Many Wilderness ecosystems evolved with fire as a major influencing
force, shaping vegetative type, ecosystem health, and species abundance.
Many plants such as lodgepole pine and chaparral shrub species have
evolved with frequent fire, and regenerate their health and vigor
through periodic burns. Some wildlife species gain almost immediate
habitat benefits after a fire, whereas other species may experience
a decline in their population due to the habitat changes. For example,
deer and elk benefit greatly from the increase in grasses and forbes
that result after a fire, while burned snags provide expanded nesting
opportunities for many birds and small mammals. In contrast, moose
populations can decrease due to loss of brushy willow thickets needed
for forage and cover. Cyclical changes in species composition and
vegetative mosaics after fire are a dynamic and natural aspect of
healthy, functioning ecosystems.
In some areas, decades of fire suppression have altered ecosystems,
resulting in unnatural woody fuel accumulations and dense stands
of vegetation. Rather than viewing fire with fear, it must be allowed
to return to the Wilderness as an important natural process.

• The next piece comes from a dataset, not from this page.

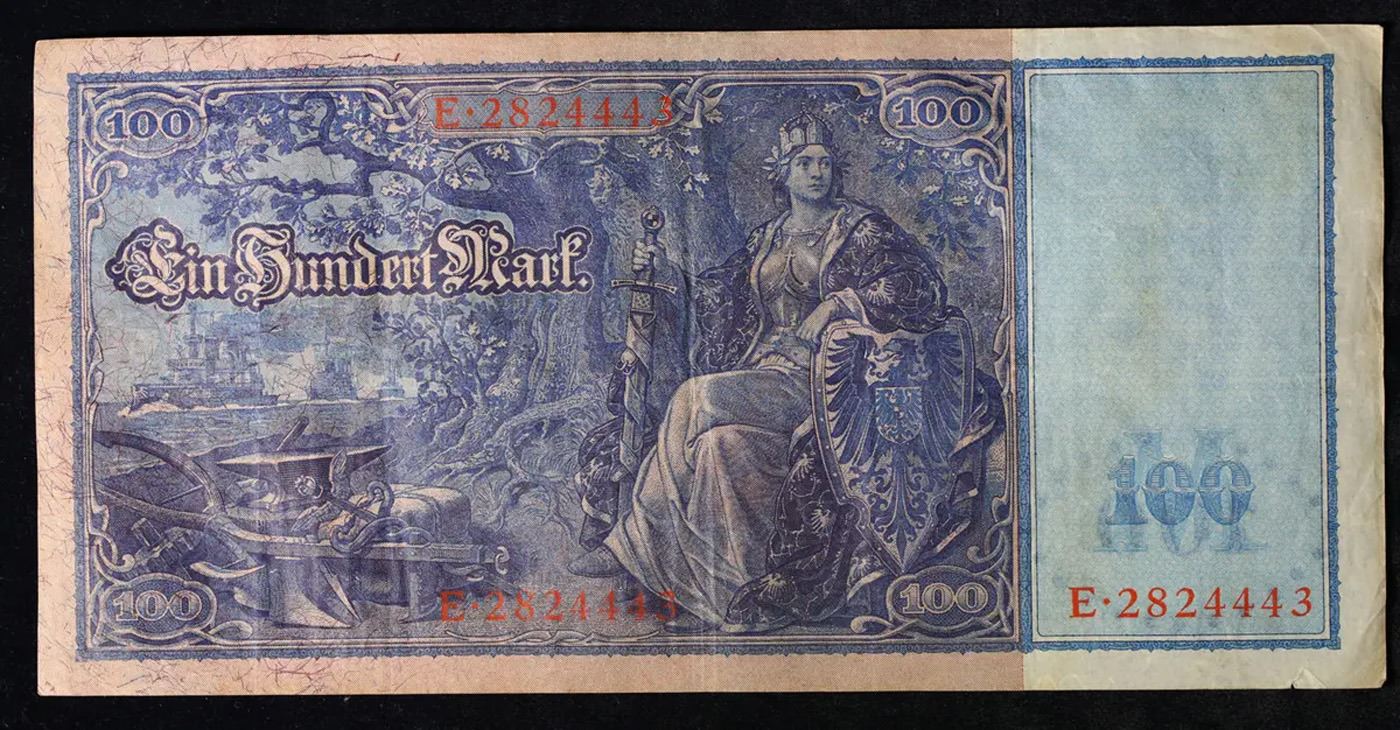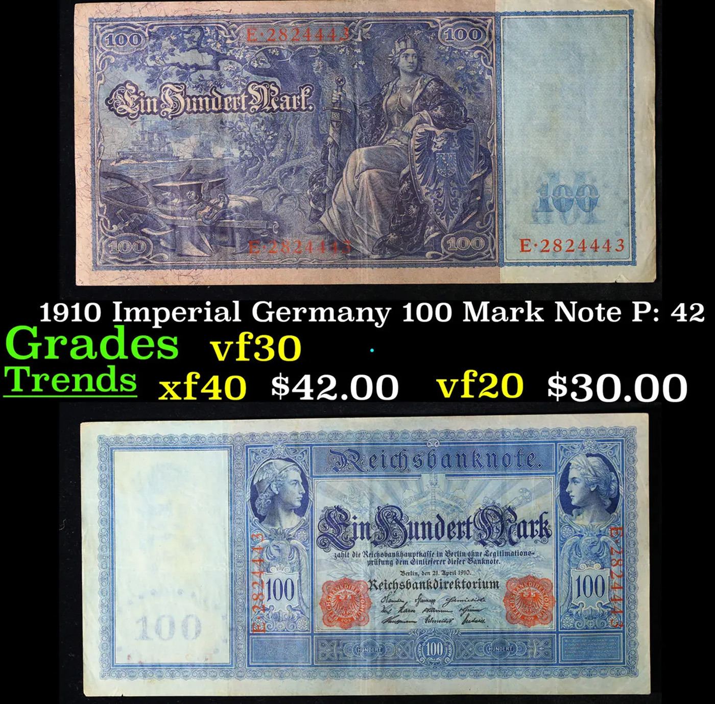 1910 Imperial Germany 100 Mark Note P: 42 Grades vf++. From 1871 to 1914 the German Mark was known as the "Goldmark", as it was on the gold standard. During WWI, like most nations, Germany removed the gold backing and ceased circulation of gold coins. The Goldmark was the culmination of years of effort put into unifying the currency of Germany.

The goal of wilderness fire management should be to allow naturally-ignited
fires to burn in Wilderness while protecting human life and property
in or near Wilderness. Naturally ignited fires that start outside
the Wilderness should not be prevented from burning into the Wilderness.
Fire is addressed in the Special Provisions section of the Wilderness
Act, § 4(d). In this section, Congress granted the land management
agencies very broad discretion in regard to three things
the management of fire, insects, and disease.
such measure may be taken as may be necessary in the
control of fire, insects, and diseases, subject to such conditions
as the Secretary deems desirable.
This broad discretion allows managers to either let a wildfire burn,
or actively suppress it using a wide array of tools and equipment,
including motorized means. At the time the Act was written, fire
management in the United States consisted of fighting actively burning
fires. Preventive fire management was not a common concept in the
1950s and 1960s. While it is clear that Congress intended
the agencies to have wide discretion in fighting wildfires, but
it is less clear if the Acts provision for wide discretion
extends to conducting preventive fire management activities such
as forest thinning, prescribed ignitions, or clearing preventive
fire lines inside Wilderness.
Protecting Structures
Substantial fire science research has studied why some homes and
structures ignite when exposed to fire while others do not. Research
findings demonstrate that whether structures are likely to ignite
depends on conditions that exist within 100-200 feet of the structure.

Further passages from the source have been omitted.